**WHAT TO PRODUCE**:
Copy the data verbatim and leave out every picture.

**RECORDED INFORMATION**:
_ _ _ _ _ _ _
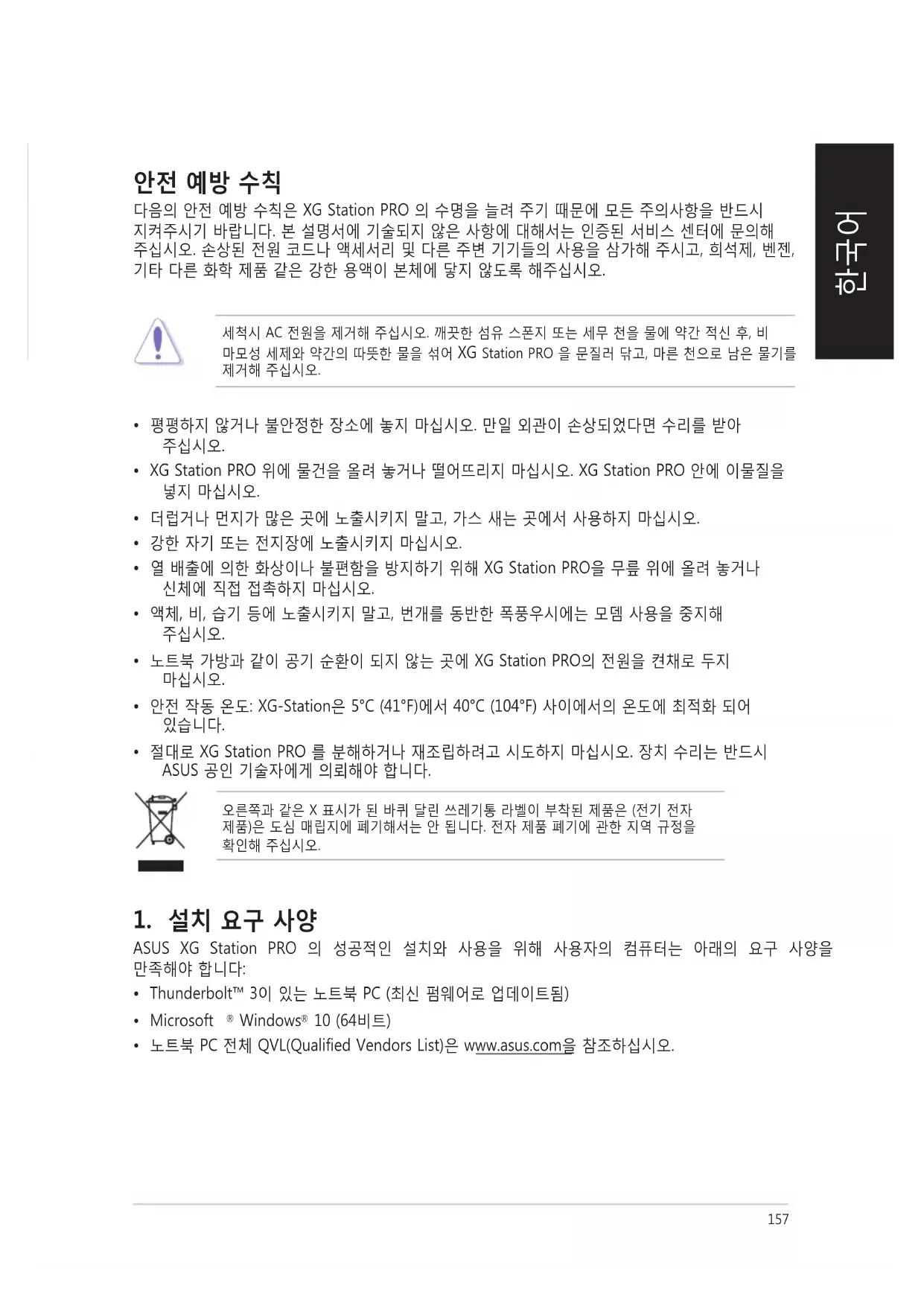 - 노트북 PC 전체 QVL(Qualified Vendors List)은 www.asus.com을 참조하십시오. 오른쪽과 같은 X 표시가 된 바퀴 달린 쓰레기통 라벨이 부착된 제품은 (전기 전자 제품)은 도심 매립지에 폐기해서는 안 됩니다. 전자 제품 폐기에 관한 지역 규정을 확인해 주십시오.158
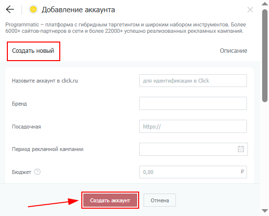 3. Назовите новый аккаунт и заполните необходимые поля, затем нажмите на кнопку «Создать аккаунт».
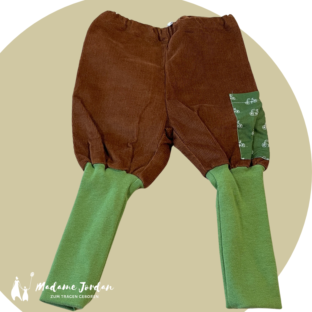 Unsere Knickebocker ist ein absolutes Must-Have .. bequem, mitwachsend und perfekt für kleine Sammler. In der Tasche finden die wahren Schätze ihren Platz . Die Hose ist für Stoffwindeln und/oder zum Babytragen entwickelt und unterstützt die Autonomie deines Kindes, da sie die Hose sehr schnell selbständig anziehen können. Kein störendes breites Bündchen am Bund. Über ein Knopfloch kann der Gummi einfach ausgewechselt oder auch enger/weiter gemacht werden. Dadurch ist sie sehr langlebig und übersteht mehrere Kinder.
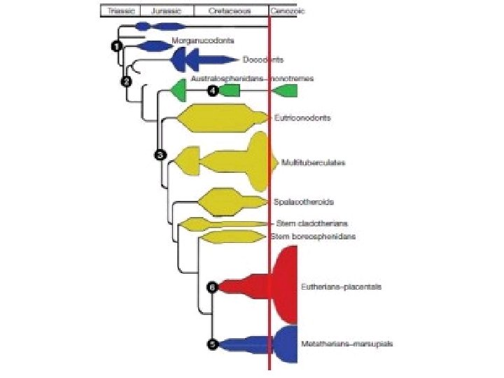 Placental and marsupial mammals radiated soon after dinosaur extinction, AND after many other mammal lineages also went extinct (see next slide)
_ _ _ _ _ _ _
**EXPECTED ANSWER**:
 - 노트북 PC 전체 QVL(Qualified Vendors List)은 www.asus.com을 참조하십시오. 오른쪽과 같은 X 표시가 된 바퀴 달린 쓰레기통 라벨이 부착된 제품은 (전기 전자 제품)은 도심 매립지에 폐기해서는 안 됩니다. 전자 제품 폐기에 관한 지역 규정을 확인해 주십시오.158
 3. Назовите новый аккаунт и заполните необходимые поля, затем нажмите на кнопку «Создать аккаунт».
 Unsere Knickebocker ist ein absolutes Must-Have .. bequem, mitwachsend und perfekt für kleine Sammler. In der Tasche finden die wahren Schätze ihren Platz . Die Hose ist für Stoffwindeln und/oder zum Babytragen entwickelt und unterstützt die Autonomie deines Kindes, da sie die Hose sehr schnell selbständig anziehen können. Kein störendes breites Bündchen am Bund. Über ein Knopfloch kann der Gummi einfach ausgewechselt oder auch enger/weiter gemacht werden. Dadurch ist sie sehr langlebig und übersteht mehrere Kinder.
 Placental and marsupial mammals radiated soon after dinosaur extinction, AND after many other mammal lineages also went extinct (see next slide)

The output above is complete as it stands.